Extracted records.
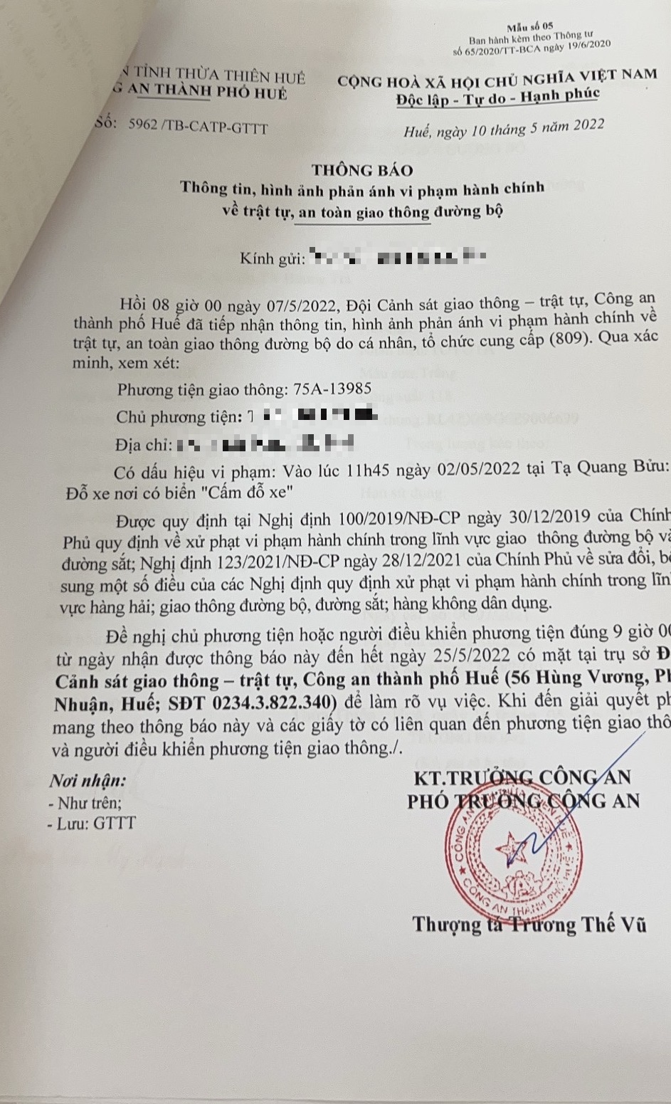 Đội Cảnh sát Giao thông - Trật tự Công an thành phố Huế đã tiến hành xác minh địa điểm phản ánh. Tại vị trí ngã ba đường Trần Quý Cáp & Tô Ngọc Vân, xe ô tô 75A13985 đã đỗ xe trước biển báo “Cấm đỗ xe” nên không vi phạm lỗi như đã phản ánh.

==

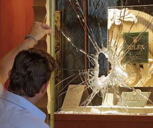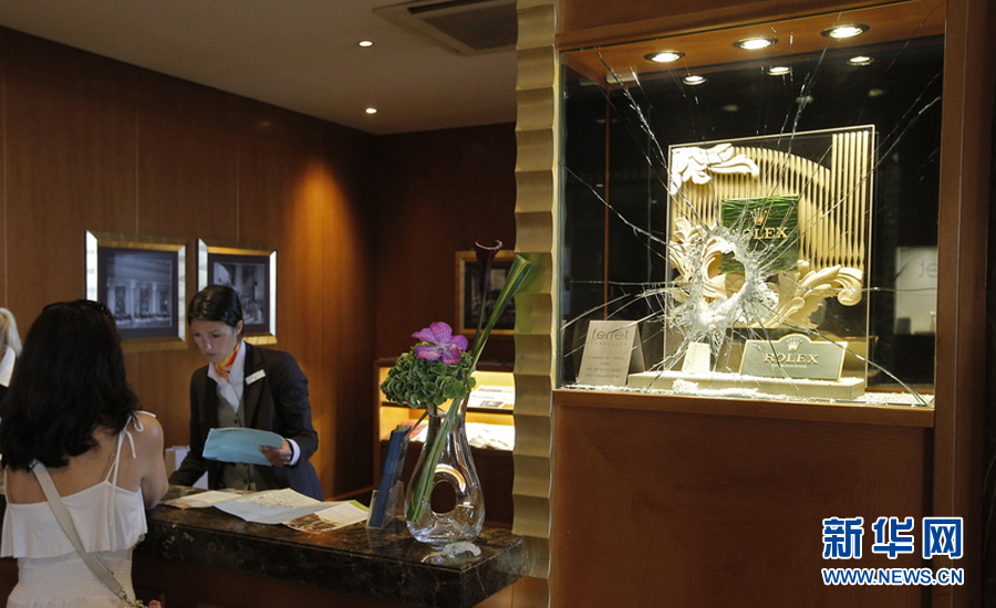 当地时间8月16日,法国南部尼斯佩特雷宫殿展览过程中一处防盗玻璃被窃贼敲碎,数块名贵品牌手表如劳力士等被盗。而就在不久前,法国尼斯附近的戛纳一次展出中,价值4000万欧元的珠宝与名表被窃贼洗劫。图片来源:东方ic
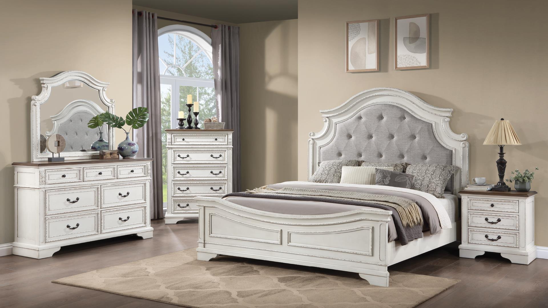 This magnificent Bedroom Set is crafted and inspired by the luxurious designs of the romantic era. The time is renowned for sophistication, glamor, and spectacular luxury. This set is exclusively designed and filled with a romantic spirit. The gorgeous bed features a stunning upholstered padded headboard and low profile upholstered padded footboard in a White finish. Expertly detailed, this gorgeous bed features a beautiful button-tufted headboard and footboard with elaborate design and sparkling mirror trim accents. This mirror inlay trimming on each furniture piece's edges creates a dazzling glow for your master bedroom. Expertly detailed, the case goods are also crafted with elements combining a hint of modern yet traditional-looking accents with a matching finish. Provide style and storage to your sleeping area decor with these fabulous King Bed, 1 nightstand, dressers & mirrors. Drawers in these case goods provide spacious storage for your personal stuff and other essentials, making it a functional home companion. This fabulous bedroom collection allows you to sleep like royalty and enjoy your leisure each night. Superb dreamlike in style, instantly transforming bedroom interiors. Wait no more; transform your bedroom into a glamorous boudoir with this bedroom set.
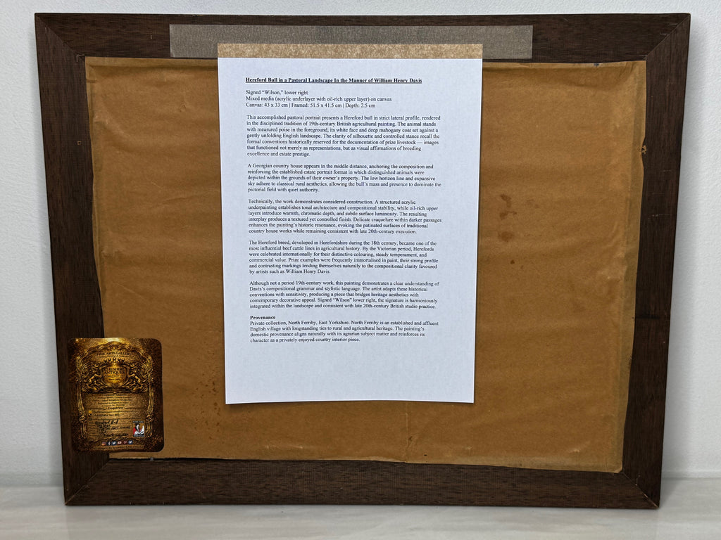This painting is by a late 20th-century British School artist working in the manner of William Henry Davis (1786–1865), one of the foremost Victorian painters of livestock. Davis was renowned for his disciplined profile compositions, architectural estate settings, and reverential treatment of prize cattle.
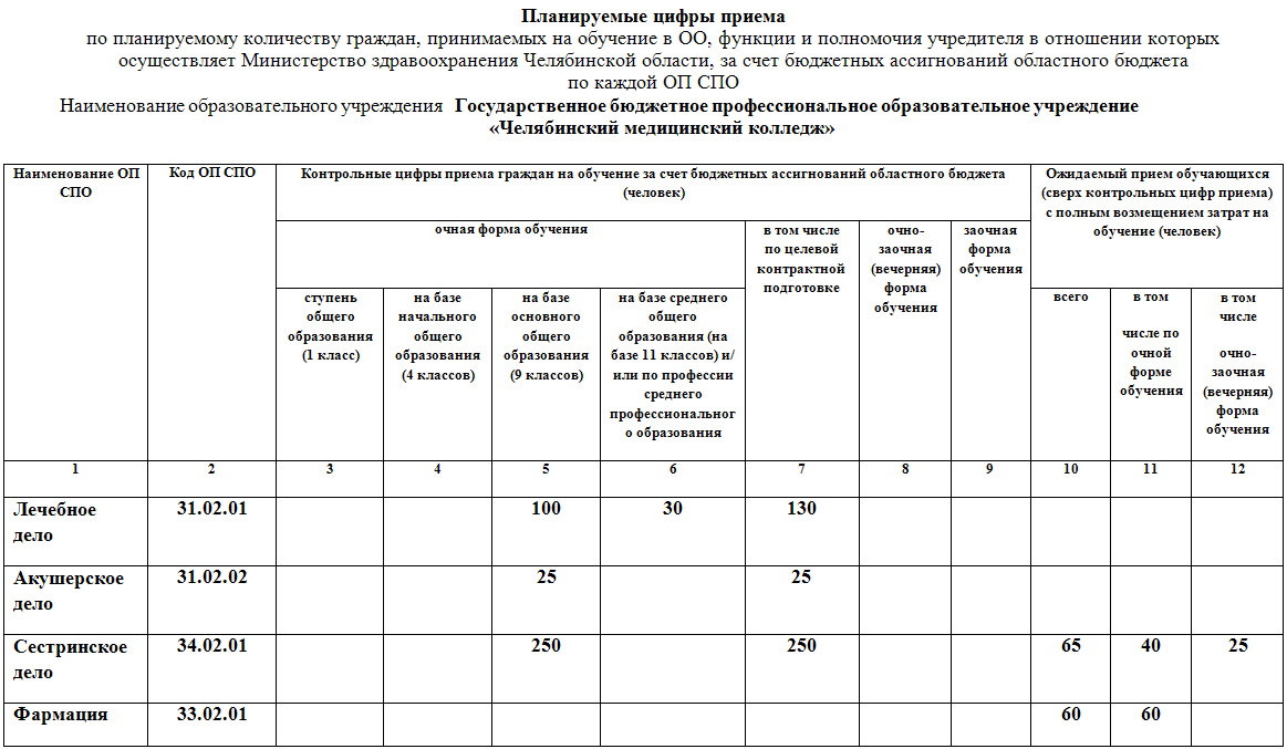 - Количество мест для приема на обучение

Assigned task.
Skipping the pictures, print the lines in the listing above exactly as written, starting at the line with "This painting is" and ending at the line with "- Количество мест для приема на обучение", both included.

Answer to this exercise.
This painting is by a late 20th-century British School artist working in the manner of William Henry Davis (1786–1865), one of the foremost Victorian painters of livestock. Davis was renowned for his disciplined profile compositions, architectural estate settings, and reverential treatment of prize cattle.
 - Количество мест для приема на обучение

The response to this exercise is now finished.